A primary health charter (a village health manifesto) was prepared and all the candidates of the Gram Panchayat election were approached to support the manifesto. Seven contestants of the Gram Panchayat elections signed the manifesto with a promise to implement the same if they came to power. At the same time, pamphlets containing information on the manifesto were distributed among the community members.
Access to medicines: A seminar on “Medicines and the Lay Person” was organised in Bagalkote by aalamba and JAA-K in November 2010. The topics covered were essential medicines, the effect of patents on patients and the Novartis legal battle. Over 40 participants attended the seminar. Dr. Sharada, the Health Officer from Hole-Alur attended one session and answered questions regarding the functioning of public health system.

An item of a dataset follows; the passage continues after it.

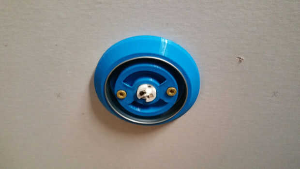 Perforé un orificio de 1" en el yeso junto a un trozo de fleje, esto me permitió fijar la cincha y los cables por encima de los pescados. La jalea frasco simplemente hilos sobre su anillo de metal. Jugaba con tinte el vidrio como los bulbos pelados son difíciles de mirar. Aerosol-pintura del blanco era el más fácil en los ojos, pero atenúan la salida. Vidrio esmerilado de la aerosol-pintura dio un agradable en el medio y es lo va a utilizar en mi proyecto.

In December 2010, the aalamba team in Badami organised a discussion on the Karnataka Promotion of Public Health and Prevention of Diseases Bill, 2010. The aalamba team along with JAA-K members, had earlier attended a meeting organised by the Karnataka Health System Development and Reform Project (KHSDRP) and Karnataka Institute of Law & Parliamentary Reforms (KILPAR), who are involved in drafting the Bill. The team presented concrete recommendations regarding the Bill.
Health camp: As a part of community-based rehabilitation programs, aalamba in association with Spandana and Jagruthi organized a village health camp for persons with physical and mental impairment. Fifteen children upto 12 years of age with serious impairments were brought for the camp and received medical advice and treatment.
Workshop on public hearings in health: In October 2010, aalamba along with JAA-K, organized a three-day workshop to review the work that was carried out during 2009-2010. Experiences of various public hearings conducted on health system throughout the state were shared and issues pertaining to rational drug use and patents were discussed.